**Stored data:**

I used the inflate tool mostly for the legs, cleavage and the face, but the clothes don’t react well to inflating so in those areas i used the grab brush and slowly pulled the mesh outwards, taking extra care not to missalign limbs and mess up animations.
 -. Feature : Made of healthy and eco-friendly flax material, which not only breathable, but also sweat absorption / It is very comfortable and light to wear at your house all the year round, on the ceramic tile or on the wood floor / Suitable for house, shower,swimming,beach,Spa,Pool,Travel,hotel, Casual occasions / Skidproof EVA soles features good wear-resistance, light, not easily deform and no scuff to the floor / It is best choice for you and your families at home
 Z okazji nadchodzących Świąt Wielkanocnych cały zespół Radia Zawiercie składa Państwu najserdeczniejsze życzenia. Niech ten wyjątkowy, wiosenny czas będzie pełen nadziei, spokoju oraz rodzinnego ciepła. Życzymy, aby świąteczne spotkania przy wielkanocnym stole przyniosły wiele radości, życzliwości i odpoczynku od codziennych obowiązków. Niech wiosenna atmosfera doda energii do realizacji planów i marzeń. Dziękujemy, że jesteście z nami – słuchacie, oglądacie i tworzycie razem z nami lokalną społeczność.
==
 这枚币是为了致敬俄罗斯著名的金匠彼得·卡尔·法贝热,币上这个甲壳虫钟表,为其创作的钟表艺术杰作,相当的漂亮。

**Instructions for the task:** Beginning with the line holding "I used the inflate" and ending with the line holding "Z okazji nadchodzących", write out the stretch of material above exactly; add no further lines.

**Output below:**
I used the inflate tool mostly for the legs, cleavage and the face, but the clothes don’t react well to inflating so in those areas i used the grab brush and slowly pulled the mesh outwards, taking extra care not to missalign limbs and mess up animations.
 -. Feature : Made of healthy and eco-friendly flax material, which not only breathable, but also sweat absorption / It is very comfortable and light to wear at your house all the year round, on the ceramic tile or on the wood floor / Suitable for house, shower,swimming,beach,Spa,Pool,Travel,hotel, Casual occasions / Skidproof EVA soles features good wear-resistance, light, not easily deform and no scuff to the floor / It is best choice for you and your families at home
 Z okazji nadchodzących Świąt Wielkanocnych cały zespół Radia Zawiercie składa Państwu najserdeczniejsze życzenia. Niech ten wyjątkowy, wiosenny czas będzie pełen nadziei, spokoju oraz rodzinnego ciepła. Życzymy, aby świąteczne spotkania przy wielkanocnym stole przyniosły wiele radości, życzliwości i odpoczynku od codziennych obowiązków. Niech wiosenna atmosfera doda energii do realizacji planów i marzeń. Dziękujemy, że jesteście z nami – słuchacie, oglądacie i tworzycie razem z nami lokalną społeczność.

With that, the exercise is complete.